### HOW TO COMPLETE THIS TASK
Retype only the lines below from the one with "Юбка для девочки" to the one with "6. От падащото", inclusive, skipping every image.

── GIVEN RECORDS

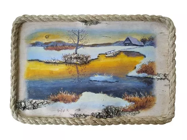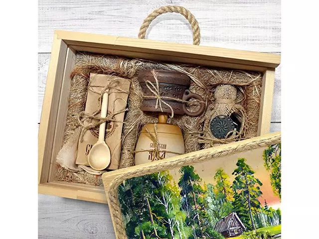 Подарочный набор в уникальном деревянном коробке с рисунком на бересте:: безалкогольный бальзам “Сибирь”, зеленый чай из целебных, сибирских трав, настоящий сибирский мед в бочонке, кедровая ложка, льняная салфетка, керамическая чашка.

────
── GIVEN RECORDS

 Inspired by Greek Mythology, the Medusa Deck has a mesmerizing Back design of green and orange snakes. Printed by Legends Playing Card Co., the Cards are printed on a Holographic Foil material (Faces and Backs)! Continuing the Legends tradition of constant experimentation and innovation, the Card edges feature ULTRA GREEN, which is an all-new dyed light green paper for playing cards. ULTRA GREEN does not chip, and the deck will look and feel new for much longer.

────
── GIVEN RECORDS

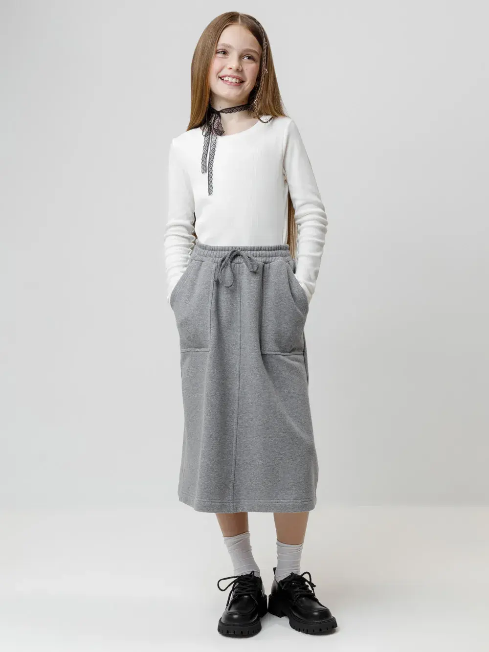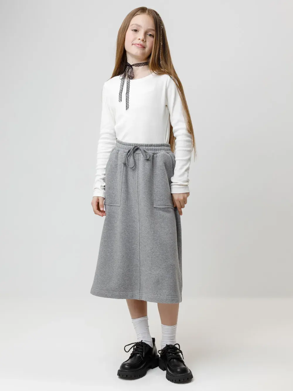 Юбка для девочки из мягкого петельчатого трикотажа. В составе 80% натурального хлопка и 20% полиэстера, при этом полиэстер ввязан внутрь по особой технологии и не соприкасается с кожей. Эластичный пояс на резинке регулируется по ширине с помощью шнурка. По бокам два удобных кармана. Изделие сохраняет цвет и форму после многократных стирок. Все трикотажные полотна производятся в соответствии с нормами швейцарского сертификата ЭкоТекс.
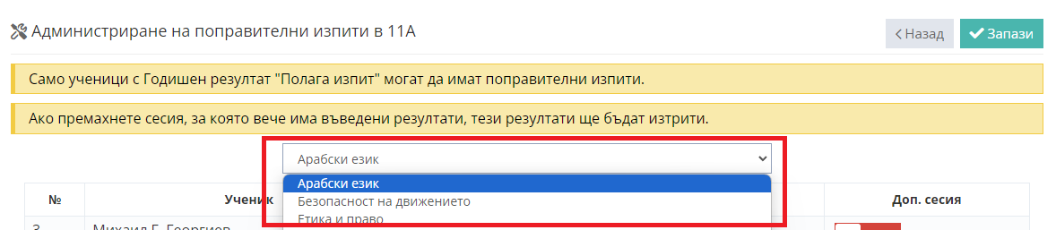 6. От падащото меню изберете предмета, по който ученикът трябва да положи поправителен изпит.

────

### EXERCISE OUTPUT
 Юбка для девочки из мягкого петельчатого трикотажа. В составе 80% натурального хлопка и 20% полиэстера, при этом полиэстер ввязан внутрь по особой технологии и не соприкасается с кожей. Эластичный пояс на резинке регулируется по ширине с помощью шнурка. По бокам два удобных кармана. Изделие сохраняет цвет и форму после многократных стирок. Все трикотажные полотна производятся в соответствии с нормами швейцарского сертификата ЭкоТекс.
 6. От падащото меню изберете предмета, по който ученикът трябва да положи поправителен изпит.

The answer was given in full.